Features
Last Call For EMI
Citigroup has reportedly whittled down the bidders for EMI to a select group and asked them to come back with their best offers by Oct. 5.
The whole deal should be done and dusted by the end of the year, according to the Los Angeles Times, which cited “executives familiar with the auction.”
Citi’s had control of EMI since February, when former owner Terra Firma allegedly defaulted on the loans it needed to complete its £4.2 billion purchase of the English music company in 2007.
At the beginning of September, Terra Firma chief Guy Hands began a High Court battle in London to establish Citi’s reasons for seizing control, given that his private equity firm’s loan covenant tests weren’t due for another month.
The Times also said Citi was prepared to entertain bids from companies that wanted to buy all of EMI, such as Len Blavatnik’s Access Industries, as well as bidders looking to pick up only part of it.
Apart from Blavatnick, who has just bought Warner Music Group, the other names in the frame are widely reported to include Sony Corp., BMG Rights Management, Universal Music Group, and a couple of U.S.-based private equity firms.
EMI chief exec Roger Faxon has expressed a wish that the company be sold as one going concern, but the consensus among UK business analysts is that it will get sold in whatever way raises the most cash for Citi.

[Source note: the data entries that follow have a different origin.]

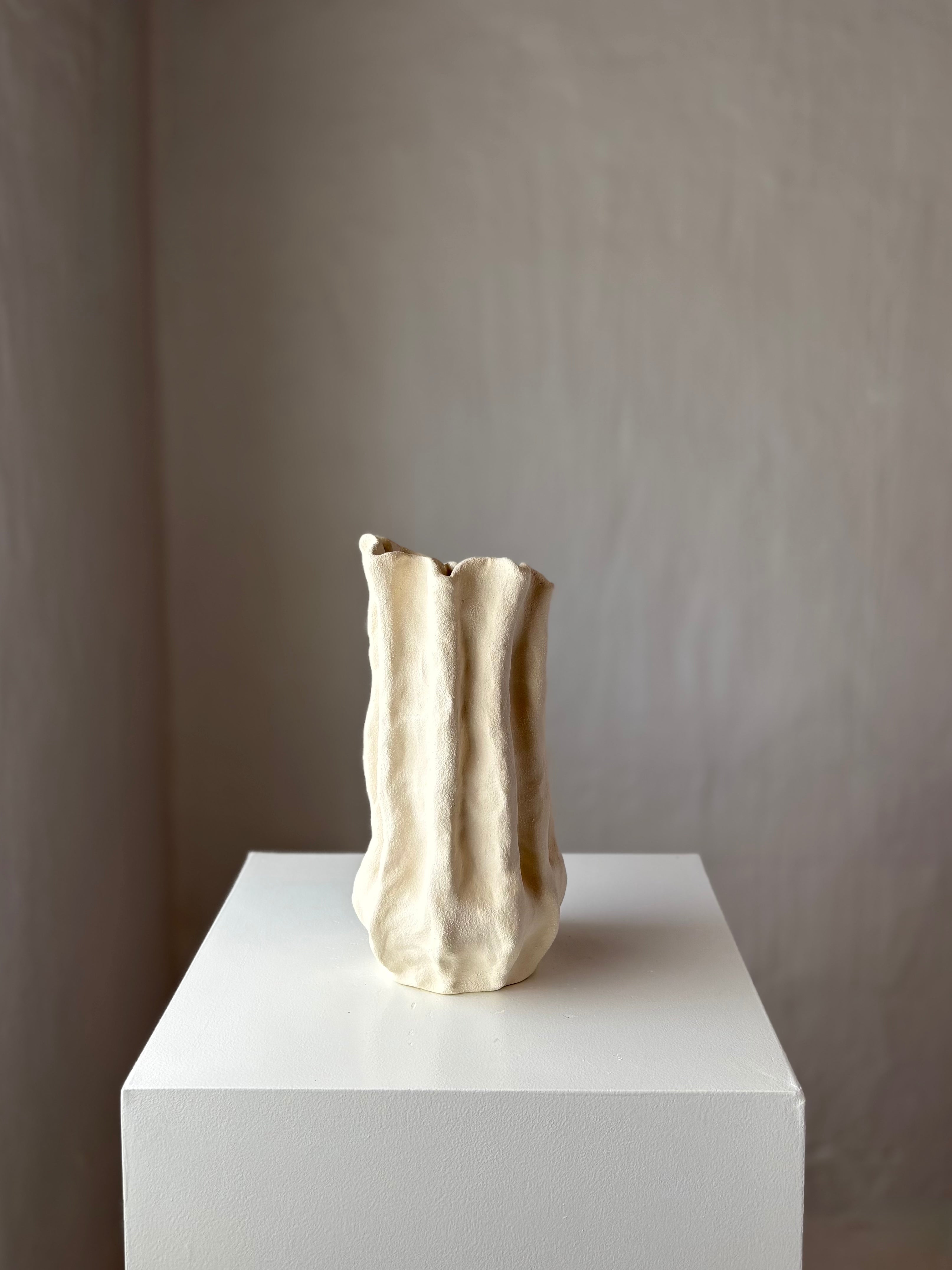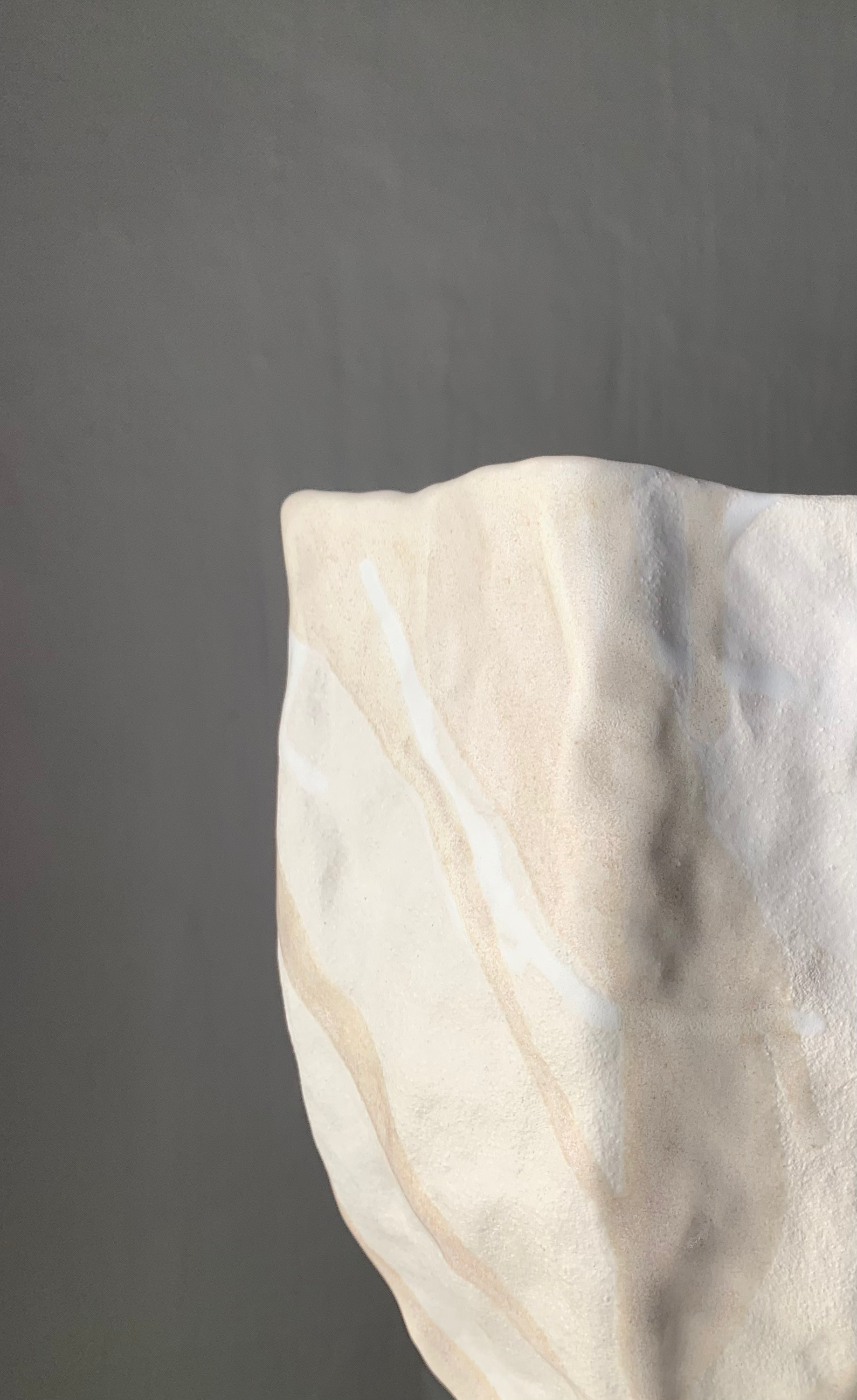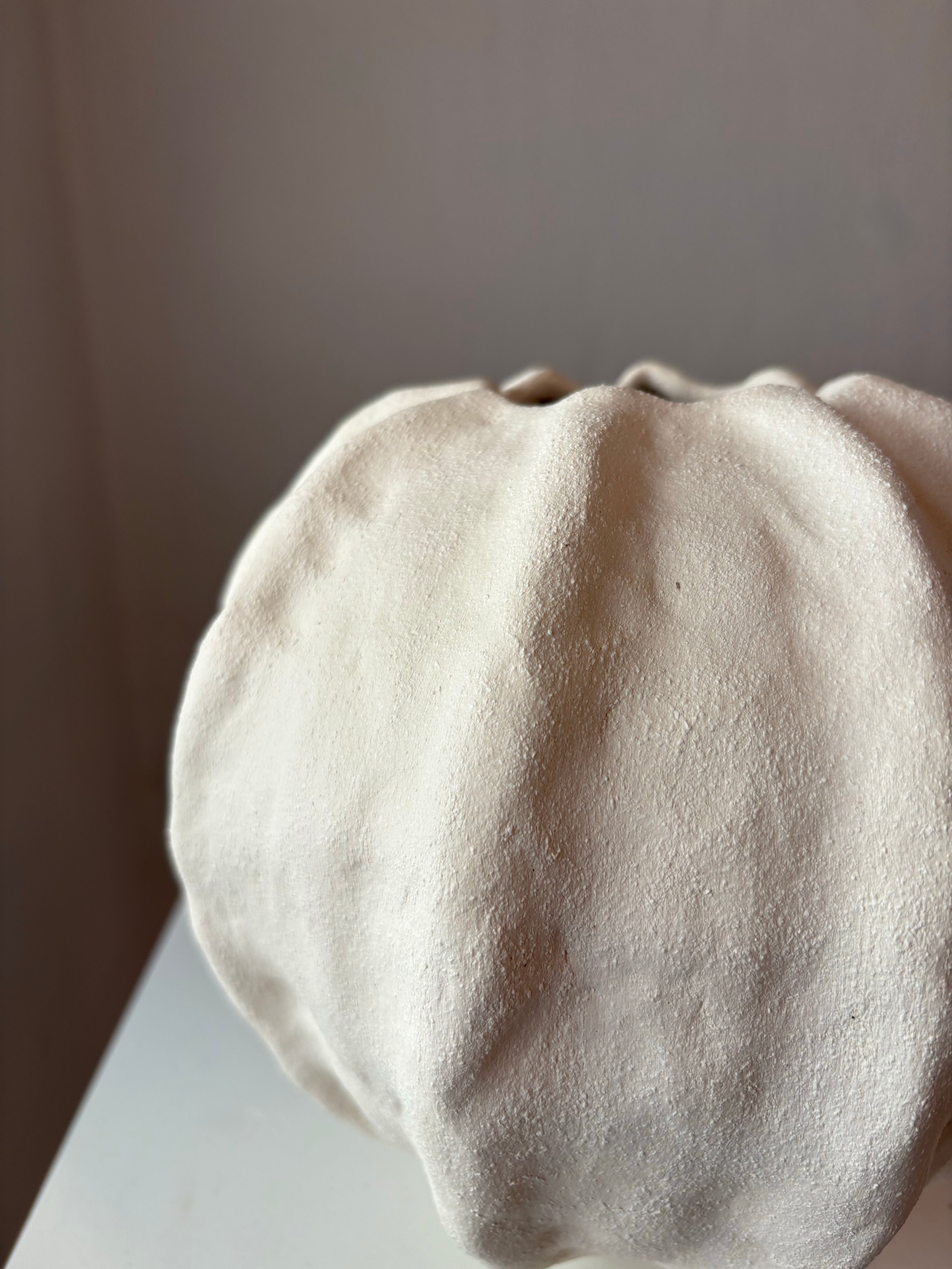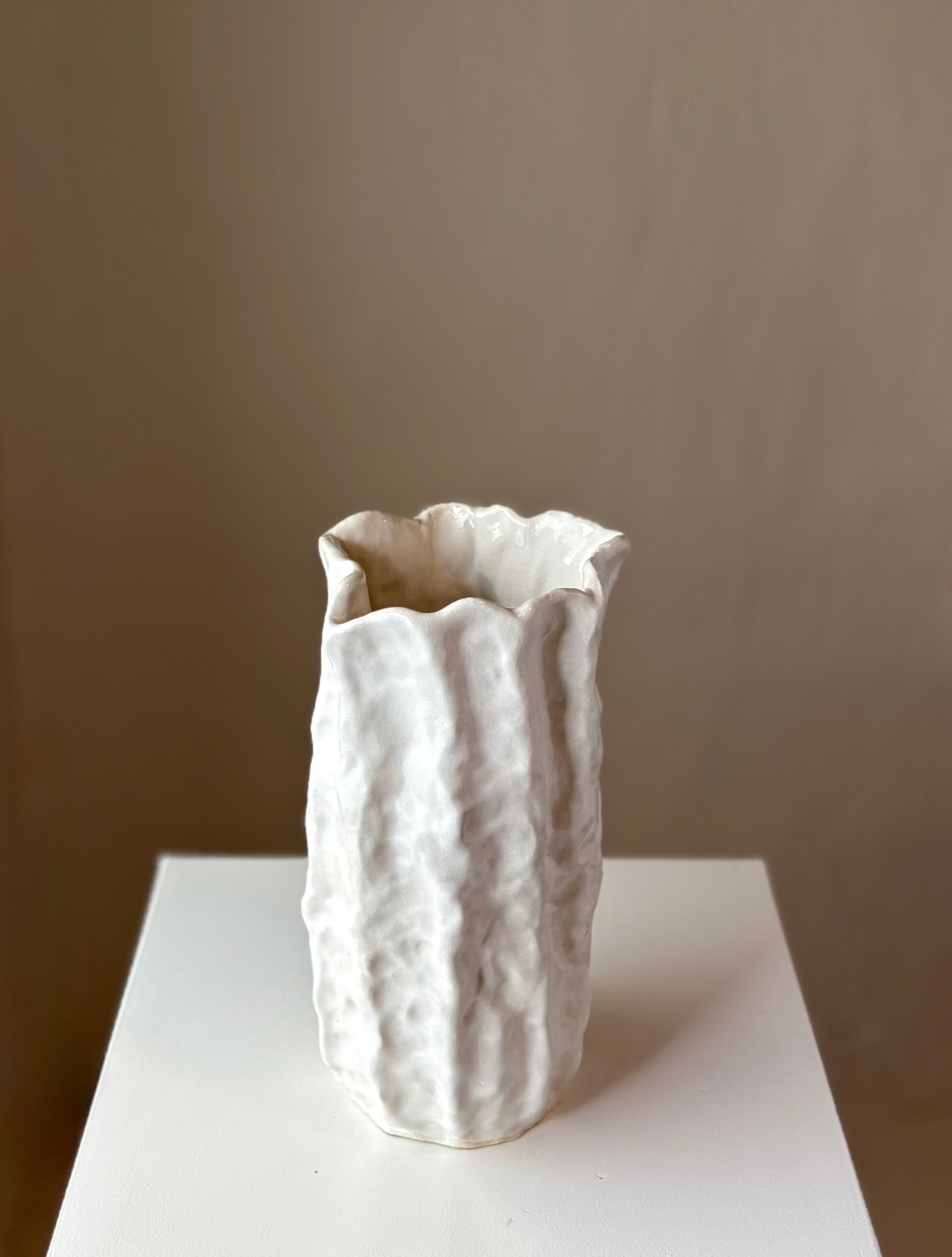Håndbygget skulpturel unika vase i hvidler, af Leela Mette. Vasen er uglaseret og skaber både liv, dybde og tekstur.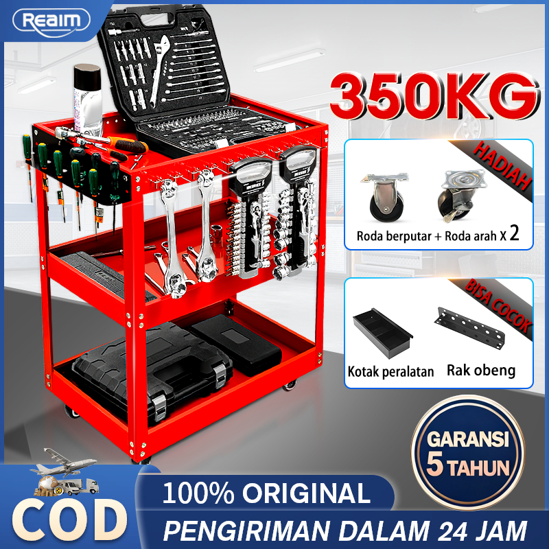 Reaim Bengkel Rak 3 Susun Perkakas Trolly Trolley Kotak Peralatan Troli Dengan Peralatan Penyimpanan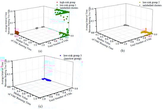After the three clusterings, we successfully obtain four groups: high-risk group, low-risk group 1, low-risk group 2, and low-risk group 3 (inactive group). The high-risk group hosts the potential attackers, and the low-risk tenants are divided into three groups with increasing security levels. Low-risk group 3, also named the inactive group, represents the vast majority part of tenants existing on cloud platforms. Low-risk group 1 and low-risk group 2 are also normal tenants but possess different behavior patterns from the majority, so they are considered to have higher security levels. Note that in the clustering task, we do not simply classify the unlabeled tenants as medium-risk since such action will roughly put tenants who present other groups’ patterns into the medium-risk group. Consequently, we allow them to enter the classifier just like any tenant who newly arrives. Only when they still fail to be classified into any groups the second time can they be labeled as medium-risk.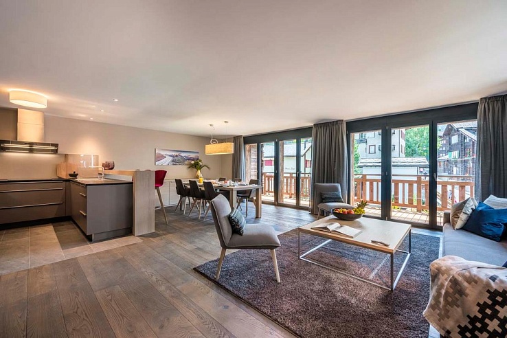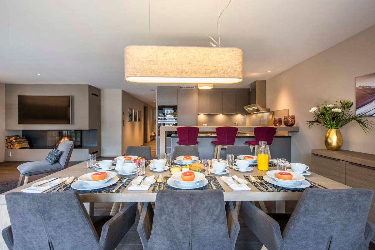 The residence expertly merges two three-bedroom apartments to form a luxurious six-bedroom space. The apartment features two open-plan living areas, each with a dining table, a fully-equipped kitchen with a breakfast bar, a flat-screen TV, a sofa, and a fireplace, creating a soothing and cozy atmosphere. French windows on both sides lead to balconies with stunning views of the Matterhorn.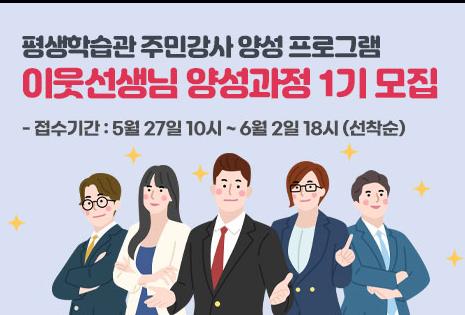 ‘이웃선생님 양성과정’은 6월 16일부터 8월 6일까지 8주간 진행되며 ▲강의안 만들기 ▲강의기법 ▲보이스 트레이닝 등 기초 강의뿐 아니라 8주차에는 수강생이 직접 강의진행 후 피드백을 받는 실습 과정도 마련되어 있다.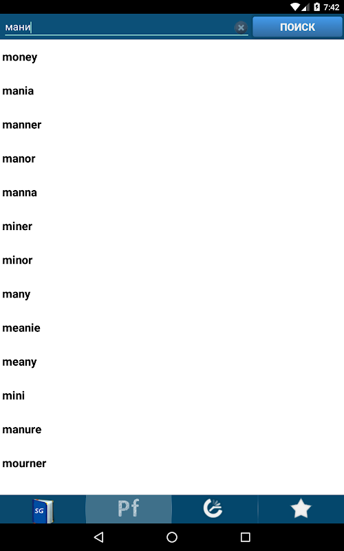 Русско-английский словарь и Англо-русский словарь (English-Russian Dictionary). Поиск по звучанию (вводим "мани" - получаем "money"!), транскрипция, оффлайн словарь (работает без доступа к интернету), 1000000 слов и фраз, корректные переводы, удобный интерфейс, избранные статьи, история поиска.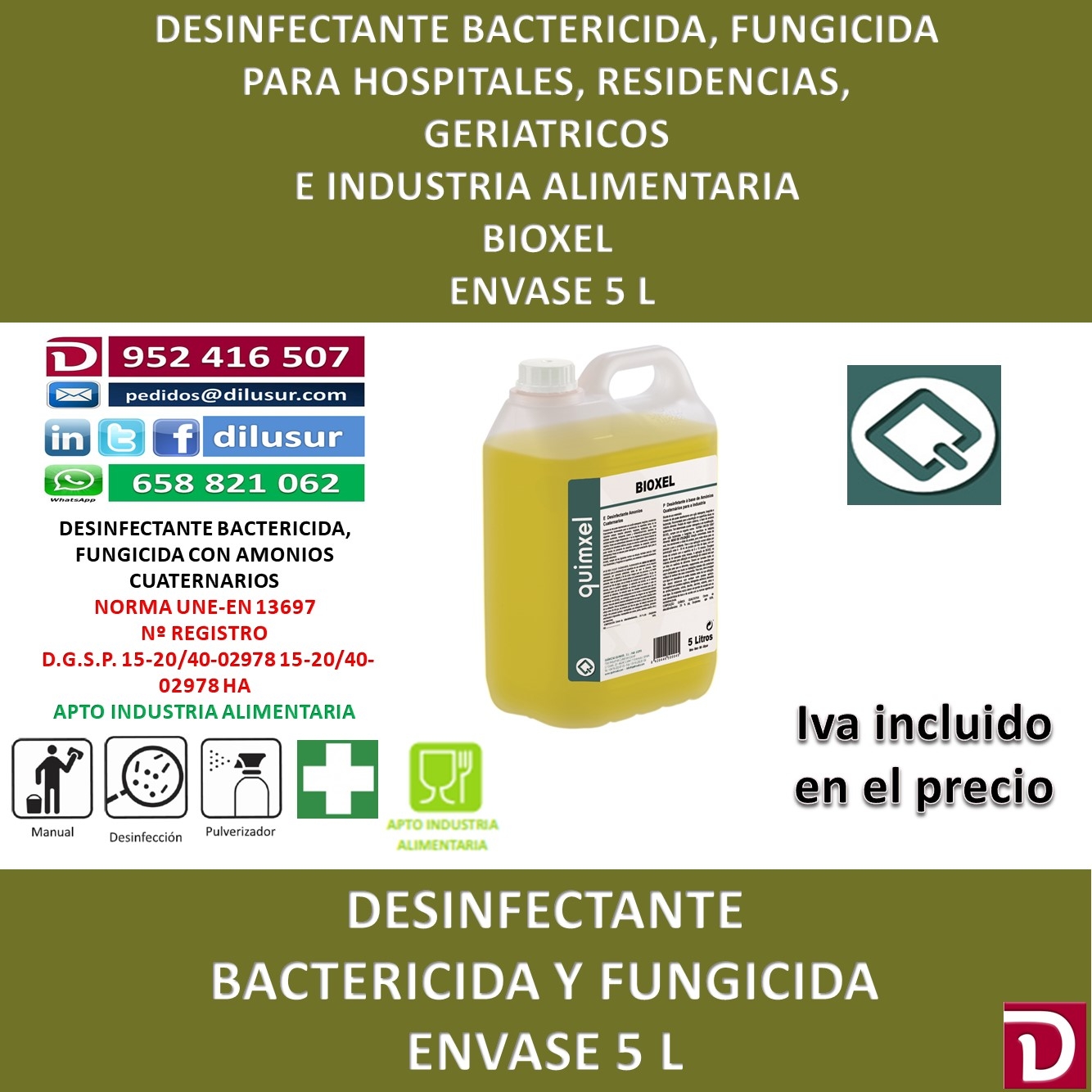 Desinfectantedetergente fungicida y bactericida contiene amonios cuaternarios. Para superficies duras en la limpieza de hospitales,residencias, geriatricos. Apto para industria Alimentaria. Envase 5 L, Caja 4 und Iva incluido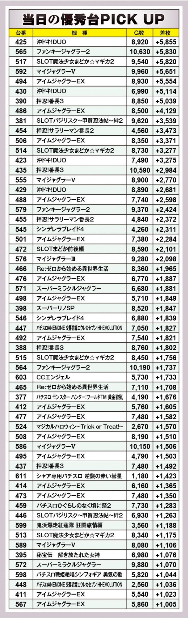 前回と同じく、実に様々な機種にてプラス値をマークしている台を確認。これはつまり、あらゆる機種にチャンスが潜んでいたことを意味する。その中で特筆すべきは完全告知マシン。『沖ドキ!DUO』『ファンキージャグラー2』『マイジャグラーⅤ』『アイムジャグラーEX』などから5,000枚オーバー記録が飛び出したのである。今回は完全告知マシンに座るが吉、だった…!?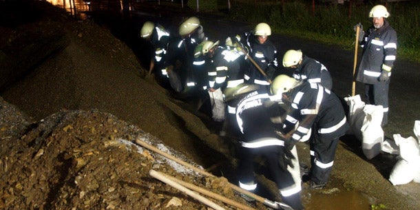 Feuerwehrleute beim auspumpen eines Kellers (Braunau, OÖ)

EMI’s publishing unit is smaller than its recorded music business but it’s still the most profitable.
Although indies association IMPALA says it’s unlikely the various regulatory authorities would allow EMI to be sold to another major label, the Times is among the papers suggesting – given the economic climate – that may not be the issue it would have been three or four years ago.
Such a deal would reduce the number of major record labels from four to three, down from six in the late 1990s.